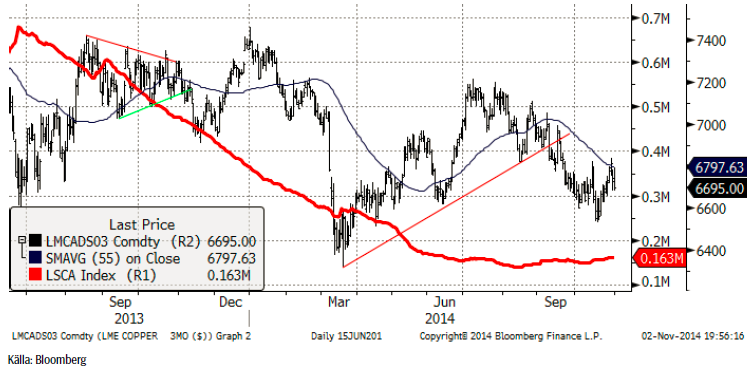 Med hög volatilitet handlades kopparpriset högre hela veckan. Från teknisk synvinkel, rekylerar priset den större, fallande pristrenden från början av året. Ur ett fundamentalt perspektiv är detta i linje med förväntningarna om att marknaden går från underskott till överskott. Enligt International Copper Study Group (ICSG) kommer år 2014 att uppvisa ett underskott på 307 kt, som vänds till ett överskott på 393 kt nästa år. Den här förändringen har ännu inte resulterat i en svagare marknad. Bristen på material på LME håller marknaden i ett hårt grepp. Cash till 3-månaders terminsnotering handlas i stadig backwardation på 60 – 70 dollar. Resten av terminskurvan uppvisar ungefär samma mönster. Den globala ekonomin har i någon mån stärkts den senaste tiden med mer stimulans och statistik från USA som visar att tillväxten är god. Säsongsmässigt är vi nu inne i det starkaste kvartalet. Vi behåller åsiken att det finns utsikter för högre pris på koppar resten av året.
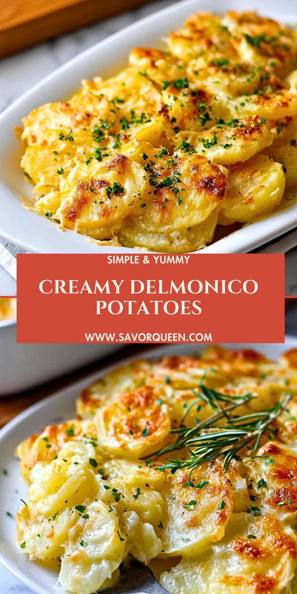 Treat yourself to the ultimate in comfort food with these Creamy Delmonico Potatoes—a rich, cheesy baked side dish perfect for holidays, cozy dinners, or anytime indulgence. Thinly sliced russet potatoes are bathed in a silky cream sauce, layered with cheddar and parmesan, and baked to golden, bubbling perfection. Ideal for serving with roast meats, fried chicken, or classic green veggies, this easy recipe makes for an irresistible addition to your favorite dinner ideas. Whether you’re searching for a creamy potato casserole, hearty food ideas, or just a quick side for an easy dinner, this is your new go-to.
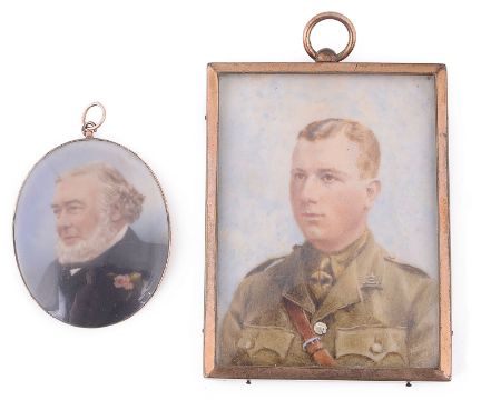 wearing a navy blue suit and a tie, watercolour on ivory, oval tests for gold glazed locket frame with suspension ring, together with an early 20th century portrait miniature of young man in army uniform, watercolour on ivory, rectangular, bears hand written paper label verso 'Title Thalatta! Thalatta!, gilt brass frame (2)
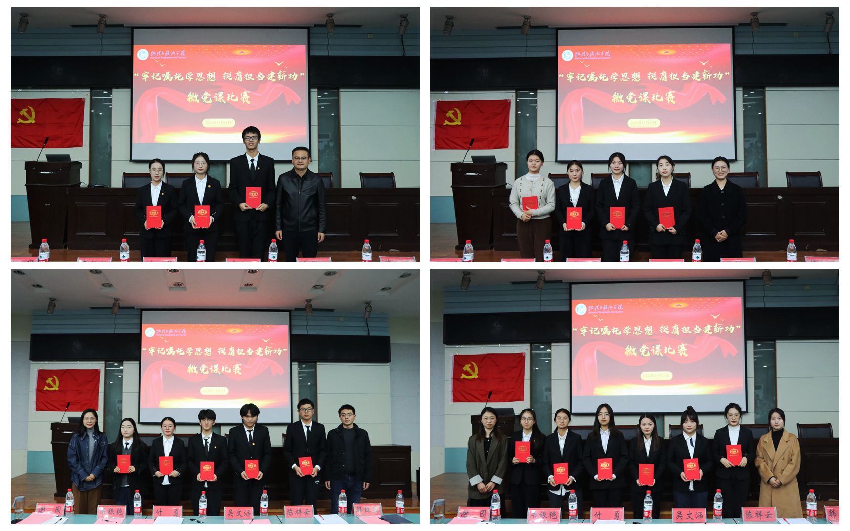 本次微党课比赛通过学生报名、学院选拔,共有18位学员入围决赛。参赛选手以不同角度阐述自己对习近平新时代中国特色社会主义思想的深刻理解。2022级地理科学(拔尖班)杨依沫慷慨激昂讲述千千万万行路者、赶路人砥砺奋进的故事,彰显新时代人民的坚韧与奋进,表达着平凡力量书写崛起华章的壮丽景象;2022级旅游管理专业徐瑾以时代为序,绘声绘色讲述中国共产党领导下农村的发展进程,生动讲述中国农民的故事。2022级地理科学(师范)专业宣然以“以中国式现代化推进民族复兴,以挺膺担当谱写青春华章”为题讲述了中国式现代化的概念、内涵及本质要求,号召全体同学坚定理想信念,充分领悟新时代青年大学生的使命与担当,以有理想、敢担当、能吃苦、肯奋斗的姿态为中国式现代化贡献自己的青春智慧与力量……
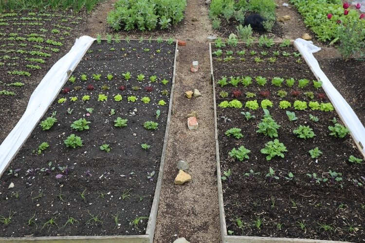 Small garden 2.4 after planting and sowing, all beds have something growing
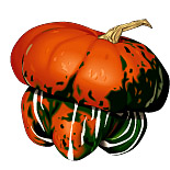 Delicata or Peanut (RG/COG) C. pepo (90-100 days) 1-2 lbs., cream colored with dark green stripes, ideal for small households. Heavy yields, medium vines, deep orange-yellow flesh.
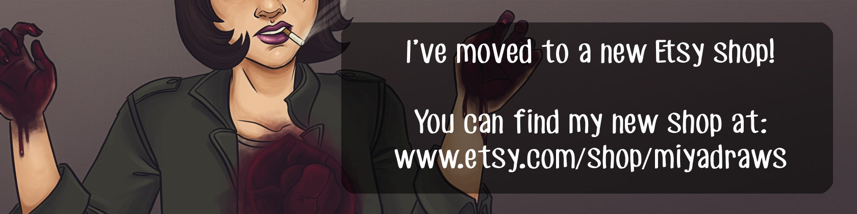 I've moved to a new Etsy shop! Everything in the shop will be transferred over to "MiyaDraws" at https://www.etsy.com/shop/miyadraws
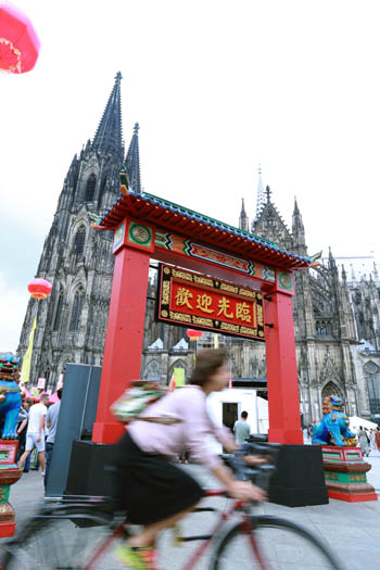 ??? 8月26日,人們在德國科隆大教堂前舉辦的中國節(jié)上游覽。第三屆科隆中國節(jié)于8月25日至27日在科隆大教堂廣場舉行。北京老字號特色商品展賣、老字號傳統(tǒng)技藝現(xiàn)場展演、“魅力北京”旅游圖片展等活動讓德國民眾與中國文化進行了一次親密接觸。記者 羅歡歡 攝 |
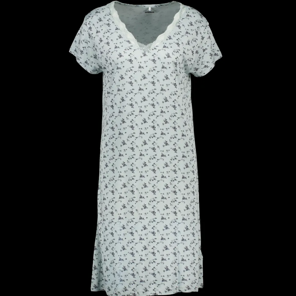 Zijdeachtig nachthemd in een frisse groene kleur met een all-over print. Gemaakt van 100% viscose, wat zorgt voor een comfortabele en ademende feel. Het prachtige kant bij de V-hals en de korte mouwen maken het een fijn stuk om in te ontspannen. Dit nachthemd is een fijne keuze voor de nacht.
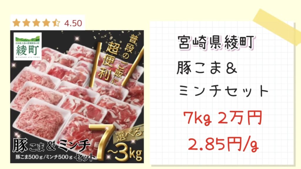 豚肉ジャンルで一番安かったのが宮崎県綾町の豚の切り落としとミンチセット、7kg 2万円。
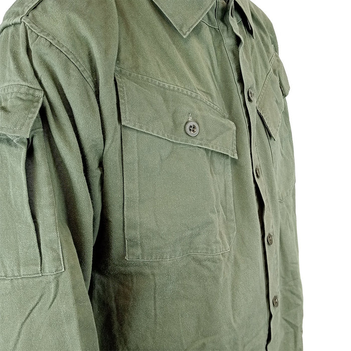 The pixie shirt was designed to be worn tucked in or untucked, to allow for varying ventilation in the Vietnamese climate. This shirt is still surprisingly heavy for a jungle uniform and made of cotton drill. Reinforcing over the shoulders to the back, pockets to the upper sleeves and slanted chest pockets are all the utility this shirt needs! An uncommon piece of Aotearoa militaria that showcases the influence of British, Australian and American uniform design on a shirt needed to keep up with the times and conflict environment. Get your mitts on this esoteric collectable!
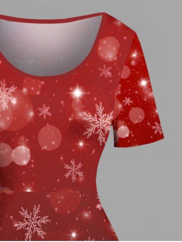 Plus Size Christmas Snowman Snowflake Colorblock Print Vintage Dress - Red - L
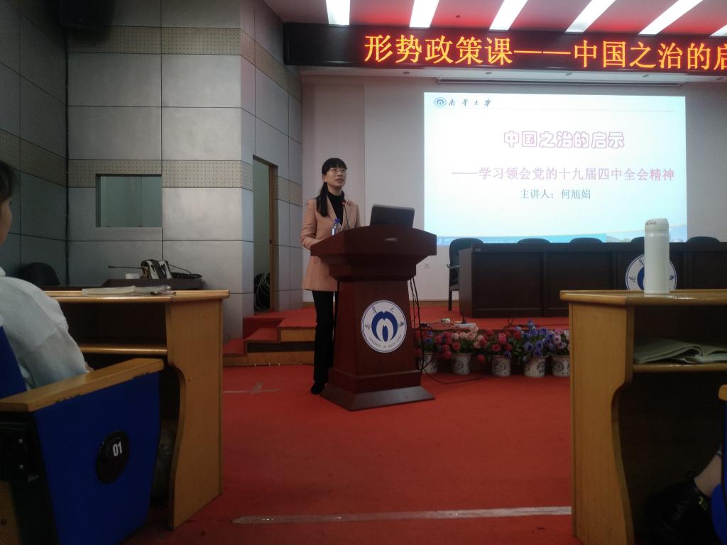12月13日下午,校党委委员、副校长何旭娟老师以《“中国之治”的启示—学习领会十九届四中全会精神》为题,在红湘校区图书馆学术报告厅为伟德国际19462017级学生上了一堂精彩的《形势与政策》课。
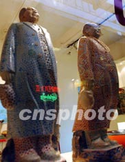 十二月二十六日,在香港街頭一家雕塑藝術店的櫥窗里,擺放著兩尊風格別樣的毛澤東藝術像。中新社傳真 錢興強 攝

# # #

PROBLEM STATEMENT
Each record above should be copied character for character, with pictures dropped.

TASK RESULT
 Med hög volatilitet handlades kopparpriset högre hela veckan. Från teknisk synvinkel, rekylerar priset den större, fallande pristrenden från början av året. Ur ett fundamentalt perspektiv är detta i linje med förväntningarna om att marknaden går från underskott till överskott. Enligt International Copper Study Group (ICSG) kommer år 2014 att uppvisa ett underskott på 307 kt, som vänds till ett överskott på 393 kt nästa år. Den här förändringen har ännu inte resulterat i en svagare marknad. Bristen på material på LME håller marknaden i ett hårt grepp. Cash till 3-månaders terminsnotering handlas i stadig backwardation på 60 – 70 dollar. Resten av terminskurvan uppvisar ungefär samma mönster. Den globala ekonomin har i någon mån stärkts den senaste tiden med mer stimulans och statistik från USA som visar att tillväxten är god. Säsongsmässigt är vi nu inne i det starkaste kvartalet. Vi behåller åsiken att det finns utsikter för högre pris på koppar resten av året.
 Treat yourself to the ultimate in comfort food with these Creamy Delmonico Potatoes—a rich, cheesy baked side dish perfect for holidays, cozy dinners, or anytime indulgence. Thinly sliced russet potatoes are bathed in a silky cream sauce, layered with cheddar and parmesan, and baked to golden, bubbling perfection. Ideal for serving with roast meats, fried chicken, or classic green veggies, this easy recipe makes for an irresistible addition to your favorite dinner ideas. Whether you’re searching for a creamy potato casserole, hearty food ideas, or just a quick side for an easy dinner, this is your new go-to.
 wearing a navy blue suit and a tie, watercolour on ivory, oval tests for gold glazed locket frame with suspension ring, together with an early 20th century portrait miniature of young man in army uniform, watercolour on ivory, rectangular, bears hand written paper label verso 'Title Thalatta! Thalatta!, gilt brass frame (2)
 本次微党课比赛通过学生报名、学院选拔,共有18位学员入围决赛。参赛选手以不同角度阐述自己对习近平新时代中国特色社会主义思想的深刻理解。2022级地理科学(拔尖班)杨依沫慷慨激昂讲述千千万万行路者、赶路人砥砺奋进的故事,彰显新时代人民的坚韧与奋进,表达着平凡力量书写崛起华章的壮丽景象;2022级旅游管理专业徐瑾以时代为序,绘声绘色讲述中国共产党领导下农村的发展进程,生动讲述中国农民的故事。2022级地理科学(师范)专业宣然以“以中国式现代化推进民族复兴,以挺膺担当谱写青春华章”为题讲述了中国式现代化的概念、内涵及本质要求,号召全体同学坚定理想信念,充分领悟新时代青年大学生的使命与担当,以有理想、敢担当、能吃苦、肯奋斗的姿态为中国式现代化贡献自己的青春智慧与力量……
 Small garden 2.4 after planting and sowing, all beds have something growing
 Delicata or Peanut (RG/COG) C. pepo (90-100 days) 1-2 lbs., cream colored with dark green stripes, ideal for small households. Heavy yields, medium vines, deep orange-yellow flesh.
 I've moved to a new Etsy shop! Everything in the shop will be transferred over to "MiyaDraws" at https://www.etsy.com/shop/miyadraws
 ??? 8月26日,人們在德國科隆大教堂前舉辦的中國節(jié)上游覽。第三屆科隆中國節(jié)于8月25日至27日在科隆大教堂廣場舉行。北京老字號特色商品展賣、老字號傳統(tǒng)技藝現(xiàn)場展演、“魅力北京”旅游圖片展等活動讓德國民眾與中國文化進行了一次親密接觸。記者 羅歡歡 攝 |
 Zijdeachtig nachthemd in een frisse groene kleur met een all-over print. Gemaakt van 100% viscose, wat zorgt voor een comfortabele en ademende feel. Het prachtige kant bij de V-hals en de korte mouwen maken het een fijn stuk om in te ontspannen. Dit nachthemd is een fijne keuze voor de nacht.
 豚肉ジャンルで一番安かったのが宮崎県綾町の豚の切り落としとミンチセット、7kg 2万円。
 The pixie shirt was designed to be worn tucked in or untucked, to allow for varying ventilation in the Vietnamese climate. This shirt is still surprisingly heavy for a jungle uniform and made of cotton drill. Reinforcing over the shoulders to the back, pockets to the upper sleeves and slanted chest pockets are all the utility this shirt needs! An uncommon piece of Aotearoa militaria that showcases the influence of British, Australian and American uniform design on a shirt needed to keep up with the times and conflict environment. Get your mitts on this esoteric collectable!
 Plus Size Christmas Snowman Snowflake Colorblock Print Vintage Dress - Red - L
12月13日下午,校党委委员、副校长何旭娟老师以《“中国之治”的启示—学习领会十九届四中全会精神》为题,在红湘校区图书馆学术报告厅为伟德国际19462017级学生上了一堂精彩的《形势与政策》课。
 十二月二十六日,在香港街頭一家雕塑藝術店的櫥窗里,擺放著兩尊風格別樣的毛澤東藝術像。中新社傳真 錢興強 攝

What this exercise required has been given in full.